My talk explores not just the “brief history” of what happened, but an in-depth analysis of how “Cyber Security” became a National Security issue. I’ll introduce the mindset gaps between politics thinkers and us (information security folks). My talk will finish off with a qualitative assessment of the National Cyber Security Strategy, not through audit metrics, but on the effectiveness of its policy communication.


Data protection, privacy and cloud computing: navigating legal compliance

Presented By: Graham McKay

Since the development of EU data protection law, technology has advanced at significant pace; indeed the world we live in today would be unrecognisable to the citizens in 1995 when our current data protection legislation was enacted.

Digital technologies such as cloud computing have fundamentally changed the ways in which consumers interact with organisations globally; indeed technological developments allow for the collection and processing of ever increasing volumes of personal data.The current data protection framework was conceived in a technologically different era to our current digital world whilst data volume has exploded.

Cloud computing profoundly transforms the manner in which Information Technology (IT) services are conceived, deployed, delivered, scaled and consumed with the potential of this disruptive technology being recognised by industry and government alike.
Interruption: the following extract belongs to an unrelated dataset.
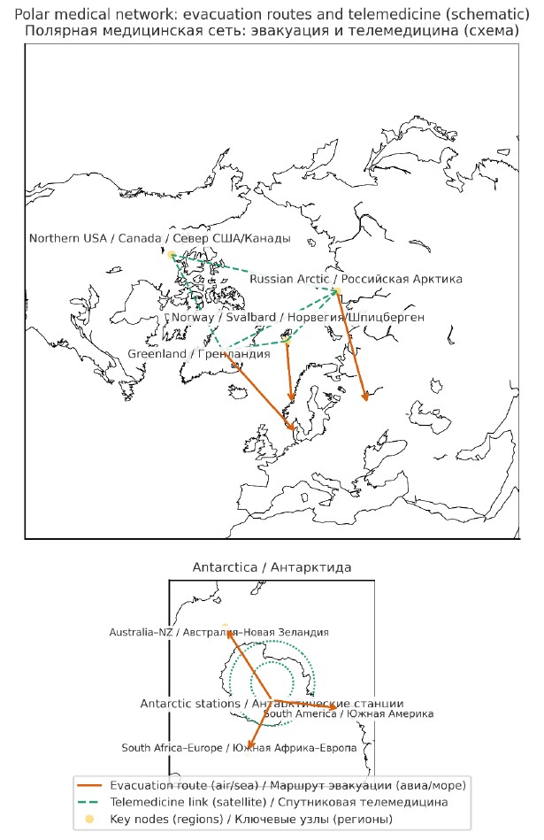 Маршрутизация и планирование эвакуации | Станция, малый стационар, региональный центр | Оценка времени эвакуации, погоды, доступности бортов, готовности принимающего центра; использование «окна погоды» | Необходимы заранее отработанные схемы взаимодействия с SAR (поиск и спасение) и авиацией, несколько резервных маршрутов |

The abundance of data relating to individuals leaves behind a hidden trail with the potential to be pieced together formulating a jigsaw of our identity capturing every online action we take, rendering the notion of privacy outmoded in such an information-rich society.
Whilst data protection legislation was enacted before the development of cloud computing, this presentation will identify the continued relevance of the data protection principles and recognise that cloud computing can be exploited within current data protection and privacy legislation.
The European Commission is currently proposing major reform of data protection legislation to “strengthen individual rights and tackle the challenges of globalisation and new technologies” by way of the Proposed General Data Protection Regulation but will this meet the needs of technological advancement thus far and beyond?